Friday, April 6, 2012

Science Literacy Faculty Learning Community 2012-13

I recently got great news that my proposal to lead a Faculty Leaning Community next year was accepted!  I'm hoping to get together a group of 5-10 science professors who are interested in spending a school year trying to solve a problem of epic importance to society, teaching science literacy.  Faculty Learning Communities usually meet for two hours every three weeks.  The members prepare by reading the same literature, researching between meetings, and trying new things in their classrooms, then reporting back to the group.  Some of the most successful groups present or publish their findings at the end of the school year.  The sense of community is really the best part, though.  It's great to find other faculty who are interested in constantly improving their teaching effectiveness.  I still keep in touch with the professors in my first year faculty learning community!

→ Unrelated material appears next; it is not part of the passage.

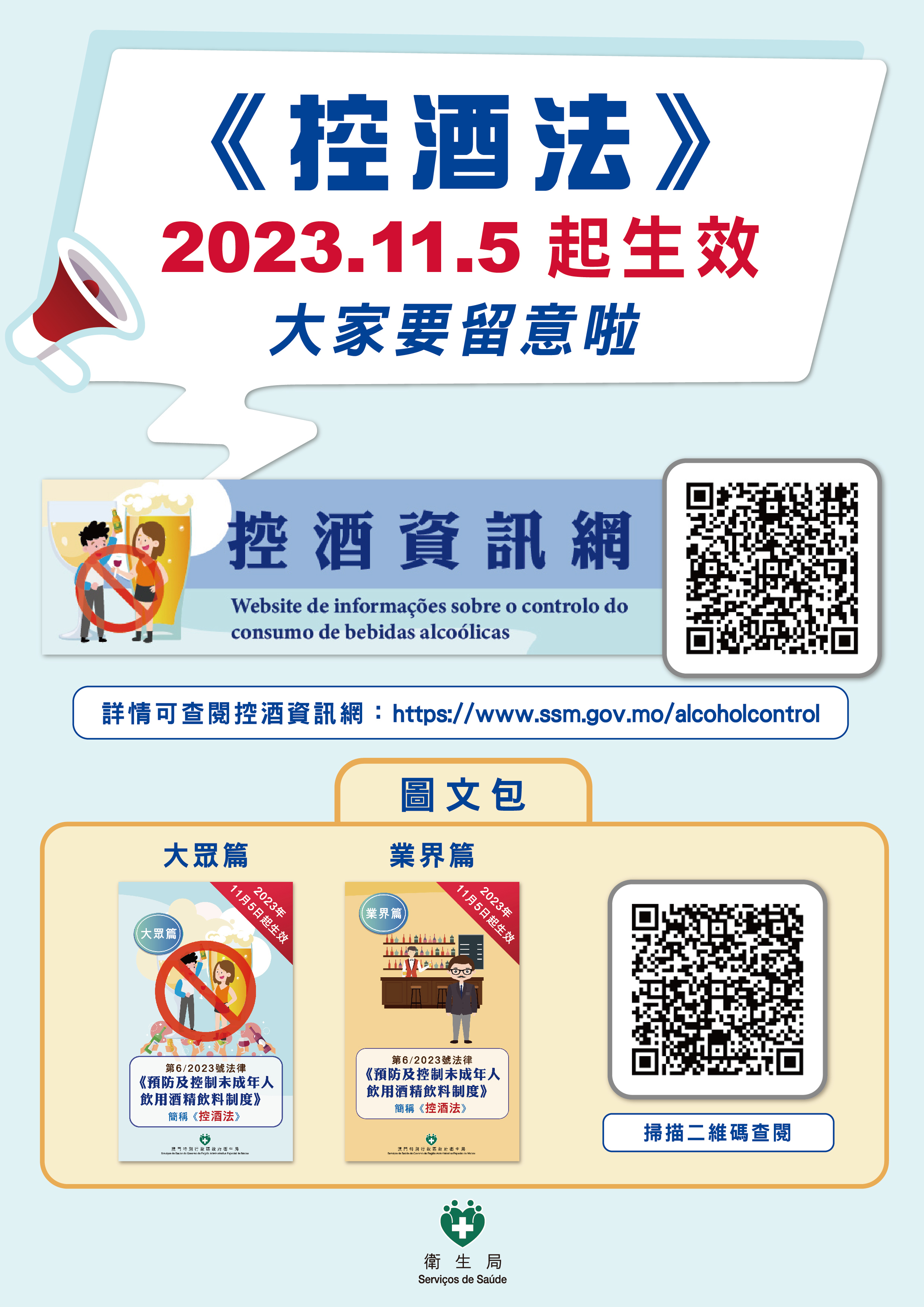 第6/2023號法律《預防及控制未成年人飲用酒精飲料制度》(下稱《控酒法》) 將於11月5日起正式生效。《控酒法》規定,銷售或提供酒精飲料的地方,須以顯眼方式張貼經行政長官批示核准禁止向未成年人銷售或提供酒精飲料的標誌。《控酒法》同時規定,屬提供自助服務的商業場所須劃定及清晰標示陳列酒精飲料及非酒精飲料的區域,而酒精飲料的廣告應以中文、葡文及英文標明警語。

Please email me at if you have any ideas for a book I could use as the main reading for the community.  If you're a Metro professor and would like to join me, we'll have a call for applications in the first few weeks of class in 2012.

Here's the proposal:
I would like to facilitate a faculty learning community for science professors to come together and find scholarly approaches to successfully teach science literacy in the introductory science college classroom.  The new Natural and Physical Sciences general studies requirements starting in fall of 2012, will require us to focus more on science literacy, the scientific method, and general science skills rather than just a slew of information we tend to throw at students on a particular topic in our introductory courses.  Rather than approaching our courses as “An Introduction to My Topic” and treating it like the first class they will take in our field, perhaps we should treat it as the LAST science course our students will ever take.  How can we prepare our non-science majors to use science, logic, math, technology, and skeptical, critical thinking in their everyday lives as citizens?  We can use each of our fields as the channel by which we actively teach our students the scientific way of thinking, rather than focusing on a body of knowledge.  This FLC will use a scholarly approach to search for pedagogical ways to accomplish this in the science classroom, integrate the methods into our courses in the spring, and share successful methods with all of Metro’s science faculty, as well as the broader college science professor community.